Task brief:
Among the records below, find the line with "Adapun barang bukti" and the line with "تقيم كلية الإدارة". Set down both and every line between, exactly and with no pictures, but nothing else.

Records to process:

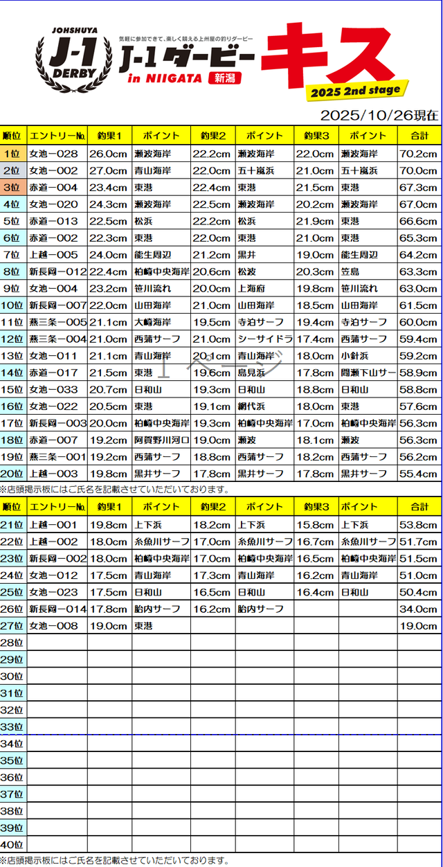 10/26(日)までにご登録いただいた方の順位表になります。
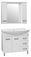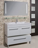 Описание: напольная тумба с распашными дверцами плавного закрывания и выдвижными ящиками. В комплект входит фаянсовая раковина Энигма 100 и хромированные ножки и ручки. Фасад МДФ и корпус ЛДСП глянец.
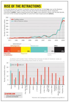 One of the problems with scientific research is the fact that retractions happen. They have been on the rise recently as well. There have been some high profile instances which have had some serious ramifications. one of these cases was in the prestigious Lancet from the UK and it involved a sample of 12 children and has caused the vaccine autism connection. In the graph below is a break down of the reasons for retractions. We need to be aware that mistakes do happen, but real fraud is completely unacceptable.
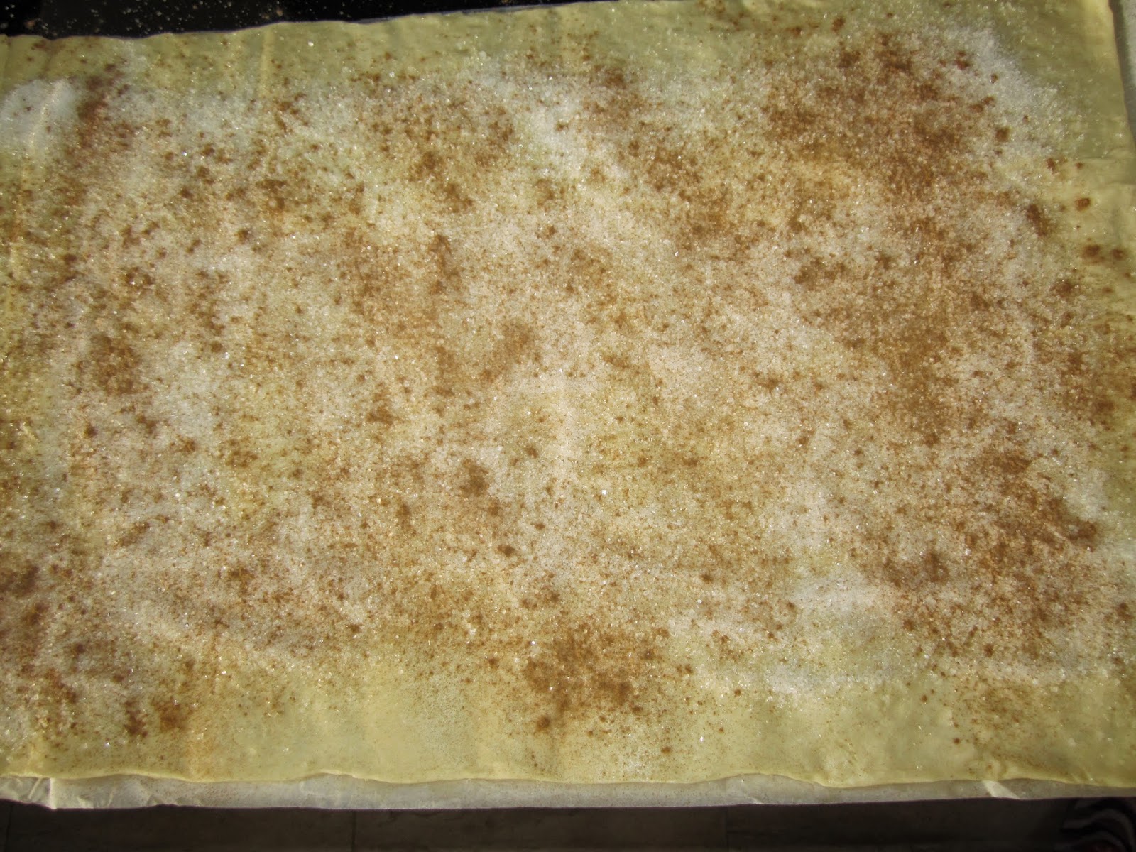 Desenrollamos la masa y ponemos una cantidad generosa de azúcar que la cubra y espolvoreamos con canela.
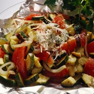 Heat the oil in a large deep skillet, add the meat, and cook over low heat, stirring, for 5 minutes, then remove with a slotted spoon and set aside. Add the onion and green pepper to the skillet, and after 10 minutes, add the zucchini and tomatoes. Stir, cover with a lid, and let it cook for 30 minutes over medium heat.
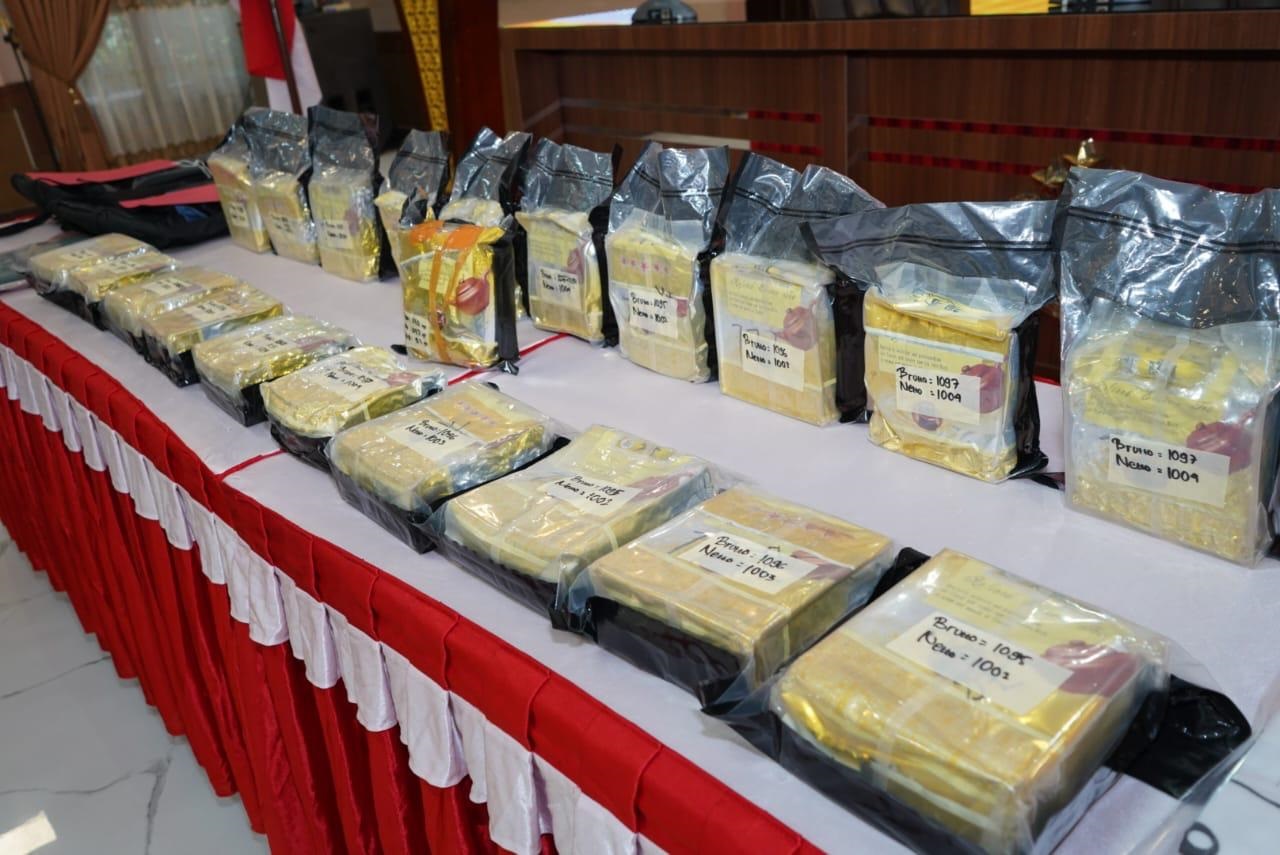 Adapun barang bukti yang berhasil disita oleh kepolisian, antara lain 21.909,99 gram (21 kg) sabu, 15.977 butir pil double L, dan 10 butir pil ekstasi.
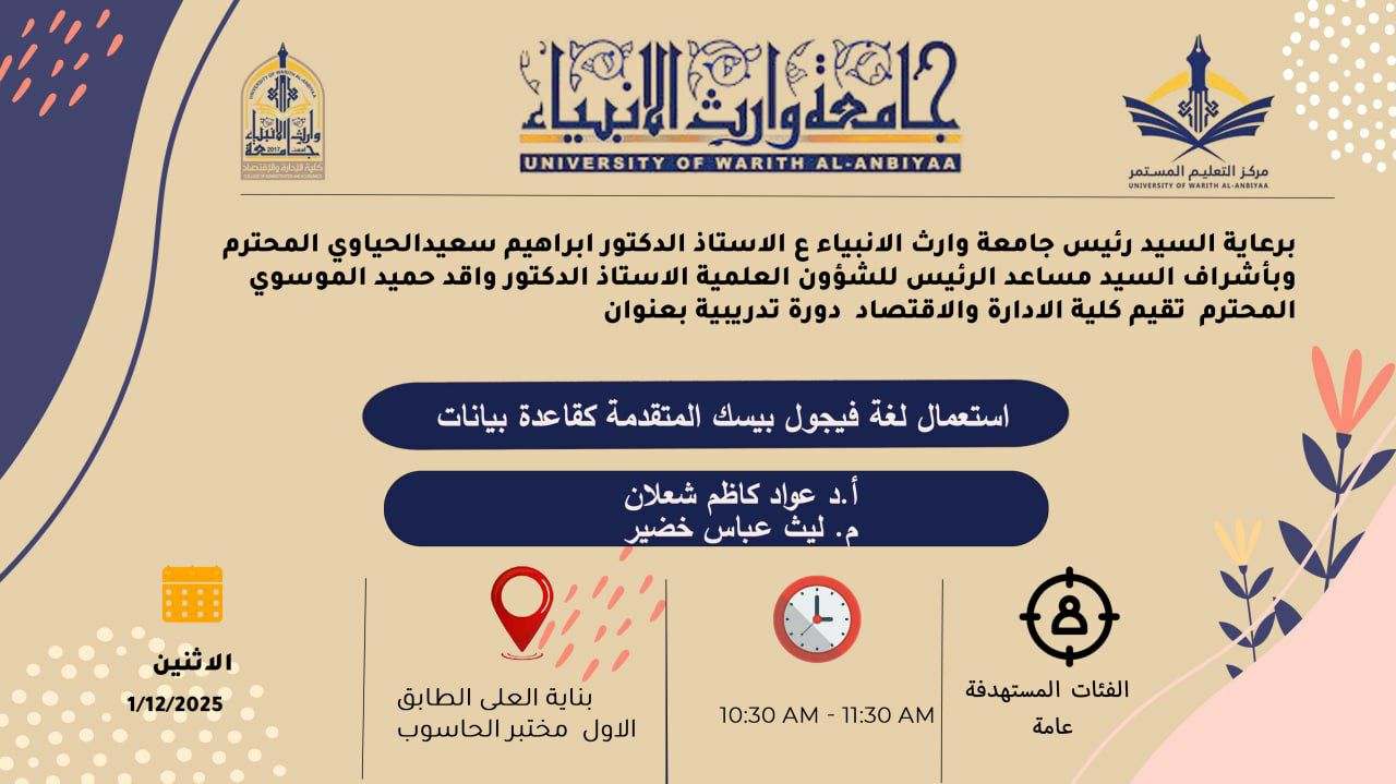 تقيم كلية الإدارة والاقتصاد في جامعة وارث الانبياء (ع) دورة بعنوان "استعمال لغة فيجوال بيسك كقاعدة بيانات"
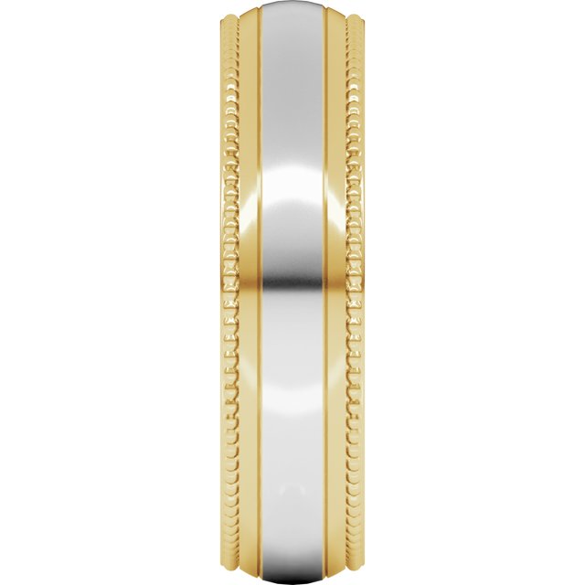 14K Yellow/White 6 mm Half Round Milgrain Comfort-Fit Band
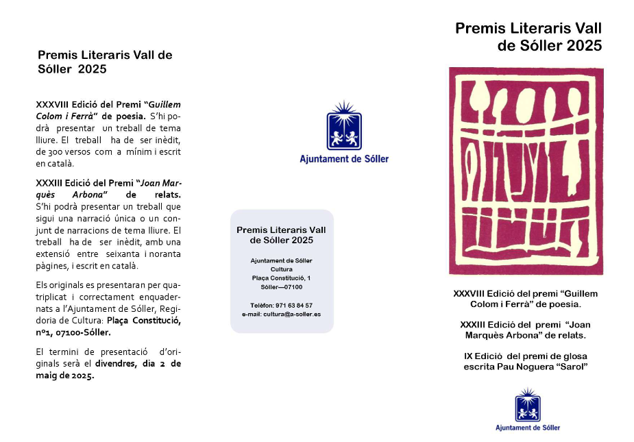 Comença la nova edició dels Premis Literaris Vall de Sóller 2025, en la XXXVIII Edició del Premi «Guillem Colom i Ferrà» de poesia, i la XXXIII Edició del Premi «Joan Marquès Arbona» de relats.

Reply:
 Adapun barang bukti yang berhasil disita oleh kepolisian, antara lain 21.909,99 gram (21 kg) sabu, 15.977 butir pil double L, dan 10 butir pil ekstasi.
 تقيم كلية الإدارة والاقتصاد في جامعة وارث الانبياء (ع) دورة بعنوان "استعمال لغة فيجوال بيسك كقاعدة بيانات"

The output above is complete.